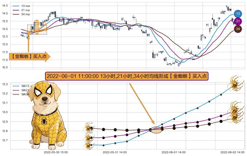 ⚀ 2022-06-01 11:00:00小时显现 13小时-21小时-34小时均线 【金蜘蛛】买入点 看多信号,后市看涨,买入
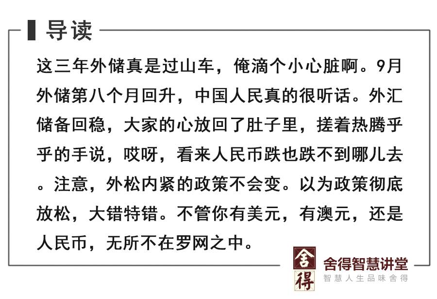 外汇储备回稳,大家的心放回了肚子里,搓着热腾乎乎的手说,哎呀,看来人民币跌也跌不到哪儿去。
---*---
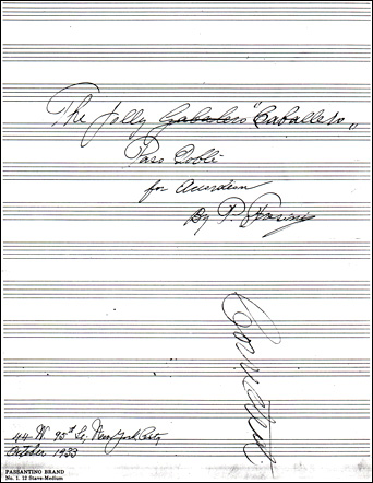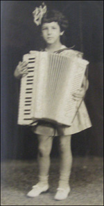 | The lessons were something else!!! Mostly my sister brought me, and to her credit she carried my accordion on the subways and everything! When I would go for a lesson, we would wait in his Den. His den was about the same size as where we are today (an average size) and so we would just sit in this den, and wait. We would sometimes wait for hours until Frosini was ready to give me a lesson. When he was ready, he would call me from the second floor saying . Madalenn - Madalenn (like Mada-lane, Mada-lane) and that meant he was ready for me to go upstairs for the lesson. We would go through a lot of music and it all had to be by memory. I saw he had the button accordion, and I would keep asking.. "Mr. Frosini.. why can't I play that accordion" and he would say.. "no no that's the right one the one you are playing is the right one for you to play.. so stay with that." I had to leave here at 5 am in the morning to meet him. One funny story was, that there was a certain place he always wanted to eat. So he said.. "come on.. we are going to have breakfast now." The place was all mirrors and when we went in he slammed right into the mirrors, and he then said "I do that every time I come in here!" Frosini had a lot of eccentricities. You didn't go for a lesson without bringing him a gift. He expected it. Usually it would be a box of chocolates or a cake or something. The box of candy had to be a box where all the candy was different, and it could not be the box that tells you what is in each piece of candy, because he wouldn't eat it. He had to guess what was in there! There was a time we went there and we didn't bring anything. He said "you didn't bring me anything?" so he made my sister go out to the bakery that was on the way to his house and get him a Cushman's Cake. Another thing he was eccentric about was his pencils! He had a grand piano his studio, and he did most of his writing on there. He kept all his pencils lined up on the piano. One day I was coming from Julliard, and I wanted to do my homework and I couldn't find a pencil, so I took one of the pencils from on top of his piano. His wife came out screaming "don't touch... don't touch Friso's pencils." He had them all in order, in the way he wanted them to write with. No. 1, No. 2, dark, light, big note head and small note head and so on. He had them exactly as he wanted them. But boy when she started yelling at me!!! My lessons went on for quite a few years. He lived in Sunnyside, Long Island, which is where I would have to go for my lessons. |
---*---
=== WHAT YOU SHOULD DO ===
Look back at the data above, then output exactly the lines from the line holding "13小时-21小时-34小时均线 【金蜘蛛】买入点 看多信号,后市看涨,买入" up to and including the line holding "外汇储备回稳,大家的心放回了". Leave out the pictures.

=== FINISHED EXERCISE ===
 ⚀ 2022-06-01 11:00:00小时显现 13小时-21小时-34小时均线 【金蜘蛛】买入点 看多信号,后市看涨,买入
 外汇储备回稳,大家的心放回了肚子里,搓着热腾乎乎的手说,哎呀,看来人民币跌也跌不到哪儿去。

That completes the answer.